The anguished R&B on Anxiety,
the second LP by Autre Ne Veut, brainchild of Brooklyn’s Arthur Ashin, may or
may not be R&B at all. In an interview with Pitchfork, Ashin admitted that
though “People who heard the album say, ‘This is so R&B’…. people who
actually listen to R&B are not going to feel like this is a real R&B
record.” But then just what is this
electro-pop paradise of an album, ringing with falsetto vocals that soar and
sear beyond expected R&B conventions?
Is it Top 40 gone indie? Is it a series of jams for
nightclubs exclusively catering to art scene kids hopped up on ecstasy? There
certainly is an inwardness and sensuality to the record, even as it seeks to be
“Ego Free Sex Free.” Too breathless, tortured, and oddball to gain mass acceptance,
Anxiety’s music still feels like it
belongs on sweaty dim-lit dance floors.

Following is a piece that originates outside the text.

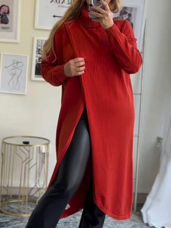Women's Turtleneck Long Sleeve Slit Sweater
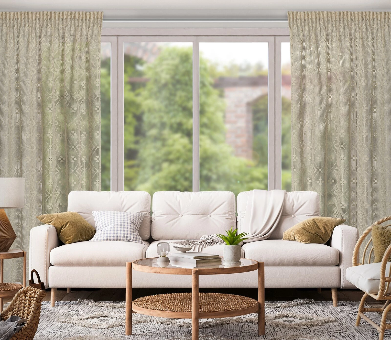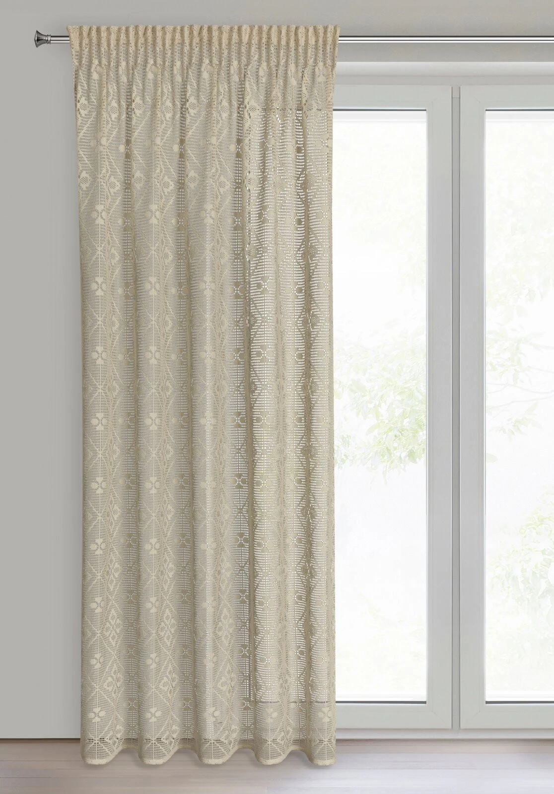 Zasłona gotowa ażurowa z bawełny szerokość: 140 cm, długość: 270 cm, kolor: naturalny, Gramatura: 160 GSM, Skład: 100% bawełna

Its worried handwringing is nearly indistinguishable
from a clubber’s bump-and-grind.
On Anxiety, Ashin takes
that grind and grooves and moves with the vitality of a 21st century
Prince, even if the work lacks Prince’s narrative velocity. Its cut-up,
stilted, semi-coherent lyrics capture the incomplete, unfocused trajectory of
the human thought process. Full of contradictions and blind yearning, Autre Ne
Veut uses words to prompt impressions, tossing grammar aside for flow’s sake. Hazy
half-finished phrases like “In the world that your heart is screaming, find it
Neverland” and “Don’t deserve baby and you follow you wanted to me” are more
felt than cognized. Recurrent obsessions with death and disconnection manage to
register in spite of the record’s intentional blurriness, creating a tonal
desperation that undercuts the frisky funk of Anxiety’s songs.
Autre Ne Veut is freakier and shriller than progressive R&B
peers like Frank Ocean and Janelle Monáe.
Employing tighter songwriting than the Weeknd, Anxiety nonetheless relies on similarly memorable moodscapes and
emotional expansiveness. Though it may not be a traditional R&B album, its
bluesy rhythms being overwhelmed by foggy synth-pop sensibilities, Anxiety is a slick and sexed-up production
worth getting anxious over, worth diving and dissolving into.